Mixed radius is an implementation detail that affects the efficiency,
not the result, of computation.
Jerry
--
Engineering is the art of making what you want from things you can get.
¯¯¯¯¯¯¯¯¯¯¯¯¯¯¯¯¯¯¯¯¯¯¯¯¯¯¯¯¯¯¯¯¯¯¯¯¯¯¯¯¯¯¯¯¯¯¯¯¯¯¯¯¯¯¯¯¯¯¯¯¯¯¯¯¯¯¯¯¯¯¯
Reply by Necronomicon●September 28, 20072007-09-28
Ron N. wrote:
> On Sep 27, 4:24 pm, Necronomicon <radio...@aol.com> wrote:
> > Sorry if these are newbie questions, but can anyone give me
> > good descriptions of these?
> >
> > The bin splitting is obviously related to the samples per
> > second, the sampling time, and the frequency resolution. It
> > seems related to the number of samples that you fit into
> > the sampling period, but the concept is not totally clear to me.
>
> The term "resolution" may mean different things to different
> people in different contexts. Under some assumptions, one
> can get arbitrarily accurate resolution with only 3 samples.

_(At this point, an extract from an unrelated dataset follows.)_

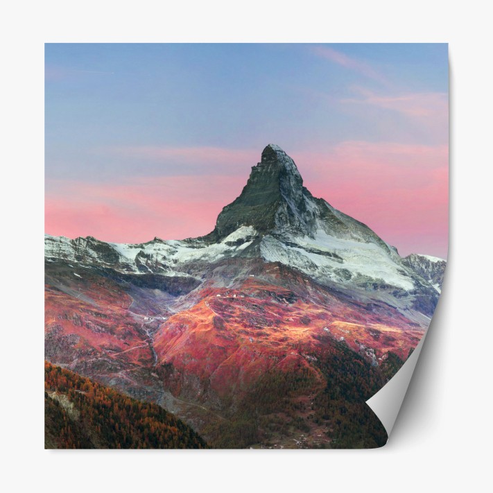 Repositionierbarer Aufkleber Herbstliche panoramaaufnahme des Matterhorns bei sonnenuntergang
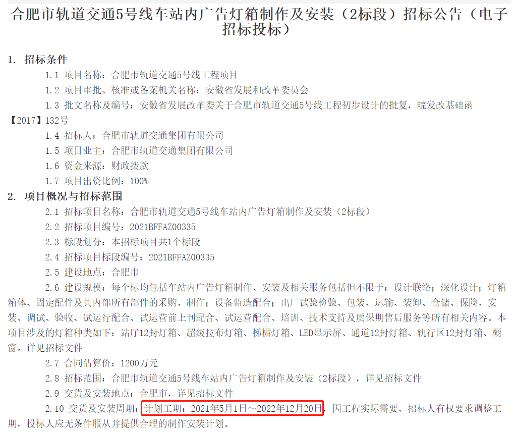 另外,据安徽合肥公共资源交易中心显示,合肥地铁5号线北段车站内广告灯箱制作及安装项目正在招标公示,据招标文件显示:地铁5号线车站内广告灯箱制作及安装项目计划工期为:2021年5月1日~2022年12月20日。

> Other assumptions may require a lot more samples for a lot
> less resolution.
>
> If you take the DFT of some sufficiently bandlimited signal,
> any sinusoids which are exact integer multiples of Fs / N are
> orthogonal and will appear in exactly one complex DFT bin.

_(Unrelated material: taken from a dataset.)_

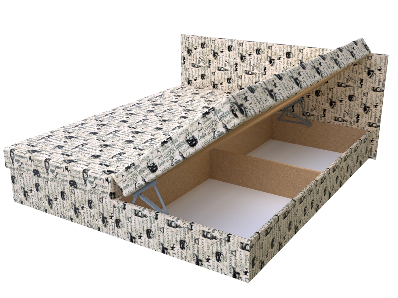 • Dvojposteľ má pevnú konštrukciu z drevotrieskových dosiek a úložný priestor otvárajúci sa kvalitným pružinovým mechanizmom.

> Sinusoids of *any* other frequencies will appear in potentially
> *all* of the DFT bins, not just the closest bin (which appears
> to be some sort of common misconception), and in the shape of
> the transform of the window (a Sinc function for a rectangular
> window). Even if a good windowing function is used, a large
> portion of a sinusoid may appear in 3 or 4 bins; so even is
> this case, calling it a split between just 2 bins seems to
> be a bit of a misnomer.
>
Understood. Even a Hanning window with a long sampling
period would have sidebands.
> If, at the same sampling rate Fs, the number of samples N
> used in your DFT increases, there will be more potential exact
> frequencies which will be orthogonal to all other DFT bins, and
> the central lobe of the Sinc function will get skinnier, making
> it a bit easier to tell certain pairs of frequencies apart.
>
> If you expect certain frequency sinusoids and their harmonics
> to appear, and are sampling at some fixed rate, it may be
> possible to choose N (other than a power of 2) such that your
> frequencies of interest directly hit the orthogonal bins
> instead of getting spread out among all of them.
>
After reading this:
http://en.wikipedia.org/wiki/Window_function
.....it's all clearer. Although they seem to call the
increase in
the noise floor as "scalloping loss".
So it seems the idea is to choose a bin frequency resolution
that will be a sub-integer multiple of the main frequency of interest,
like: Fo= 100Hz, then pick freq. resolution = 0.5 Hz.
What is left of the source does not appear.